=== Supplied data ===

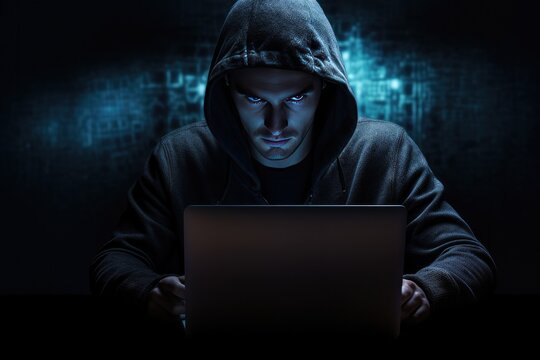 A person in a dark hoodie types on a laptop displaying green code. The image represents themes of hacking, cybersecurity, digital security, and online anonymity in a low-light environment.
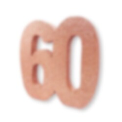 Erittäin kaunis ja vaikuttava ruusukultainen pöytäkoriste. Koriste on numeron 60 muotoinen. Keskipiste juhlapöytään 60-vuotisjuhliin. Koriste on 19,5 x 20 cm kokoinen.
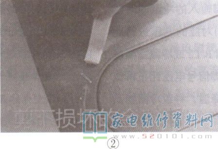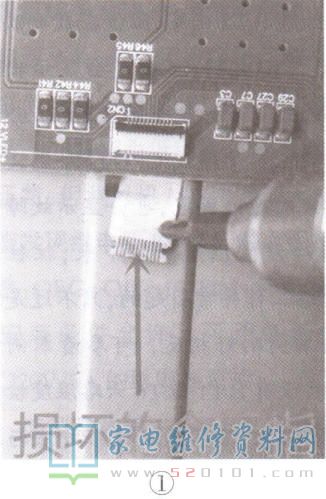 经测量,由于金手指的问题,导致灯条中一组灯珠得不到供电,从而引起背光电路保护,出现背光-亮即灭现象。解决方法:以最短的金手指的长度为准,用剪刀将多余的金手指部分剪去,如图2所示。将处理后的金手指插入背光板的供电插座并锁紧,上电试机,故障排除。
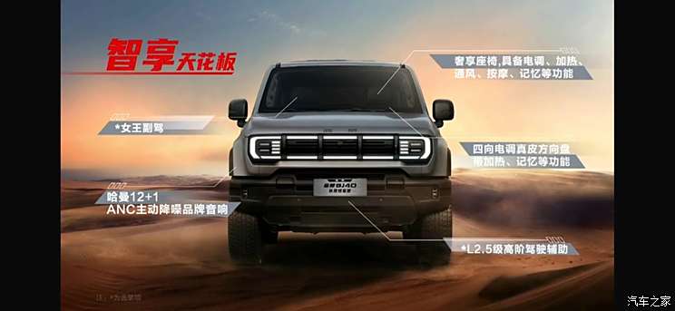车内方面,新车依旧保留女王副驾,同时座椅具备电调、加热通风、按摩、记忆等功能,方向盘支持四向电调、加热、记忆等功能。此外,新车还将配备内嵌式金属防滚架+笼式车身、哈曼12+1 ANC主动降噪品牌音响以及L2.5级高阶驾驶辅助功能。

===

- Exercise aim
Please retype the listing above word for word, skipping each picture.

- Solution
 A person in a dark hoodie types on a laptop displaying green code. The image represents themes of hacking, cybersecurity, digital security, and online anonymity in a low-light environment.
 Erittäin kaunis ja vaikuttava ruusukultainen pöytäkoriste. Koriste on numeron 60 muotoinen. Keskipiste juhlapöytään 60-vuotisjuhliin. Koriste on 19,5 x 20 cm kokoinen.
 经测量,由于金手指的问题,导致灯条中一组灯珠得不到供电,从而引起背光电路保护,出现背光-亮即灭现象。解决方法:以最短的金手指的长度为准,用剪刀将多余的金手指部分剪去,如图2所示。将处理后的金手指插入背光板的供电插座并锁紧,上电试机,故障排除。
车内方面,新车依旧保留女王副驾,同时座椅具备电调、加热通风、按摩、记忆等功能,方向盘支持四向电调、加热、记忆等功能。此外,新车还将配备内嵌式金属防滚架+笼式车身、哈曼12+1 ANC主动降噪品牌音响以及L2.5级高阶驾驶辅助功能。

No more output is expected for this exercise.